# [Data]
++++++

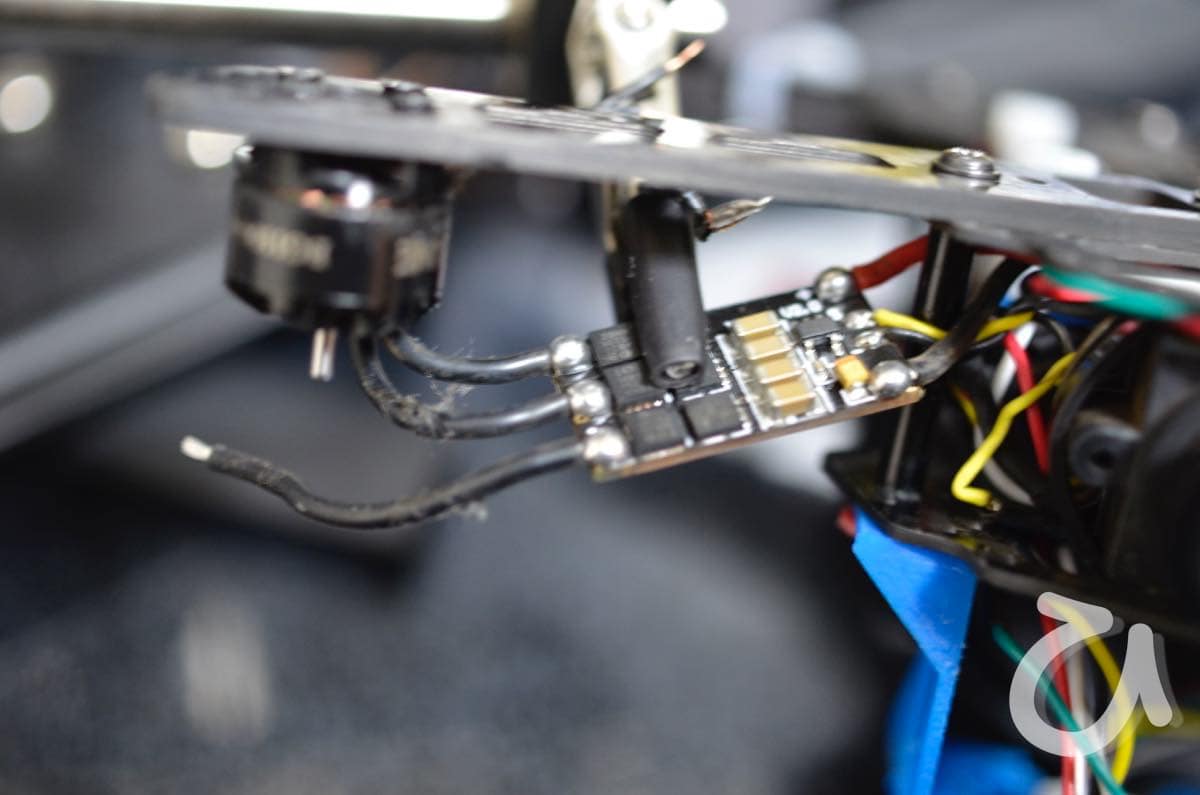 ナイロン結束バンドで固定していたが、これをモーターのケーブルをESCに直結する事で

++++++

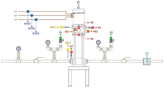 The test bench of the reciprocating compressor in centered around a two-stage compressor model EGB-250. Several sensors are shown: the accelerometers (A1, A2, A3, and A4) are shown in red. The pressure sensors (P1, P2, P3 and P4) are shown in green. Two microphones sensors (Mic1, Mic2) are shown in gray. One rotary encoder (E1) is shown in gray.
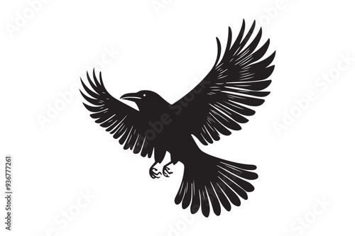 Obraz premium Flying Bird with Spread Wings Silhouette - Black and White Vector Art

++++++

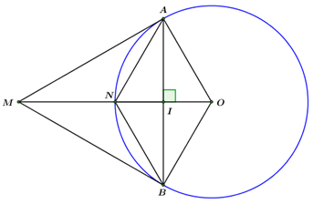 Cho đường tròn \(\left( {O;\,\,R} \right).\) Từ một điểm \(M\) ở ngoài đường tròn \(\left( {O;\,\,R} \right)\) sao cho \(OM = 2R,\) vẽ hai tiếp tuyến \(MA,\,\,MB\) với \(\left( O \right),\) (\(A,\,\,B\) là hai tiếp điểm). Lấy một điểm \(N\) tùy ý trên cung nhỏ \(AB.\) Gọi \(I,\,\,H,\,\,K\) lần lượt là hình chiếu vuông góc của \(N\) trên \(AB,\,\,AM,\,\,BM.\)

++++++

# [Work required]
Above, find the line holding "The test bench" and the line holding "Obraz premium Flying". Print exactly those two lines and every line between them, but no pictures.

# [Exercise response]
 The test bench of the reciprocating compressor in centered around a two-stage compressor model EGB-250. Several sensors are shown: the accelerometers (A1, A2, A3, and A4) are shown in red. The pressure sensors (P1, P2, P3 and P4) are shown in green. Two microphones sensors (Mic1, Mic2) are shown in gray. One rotary encoder (E1) is shown in gray.
 Obraz premium Flying Bird with Spread Wings Silhouette - Black and White Vector Art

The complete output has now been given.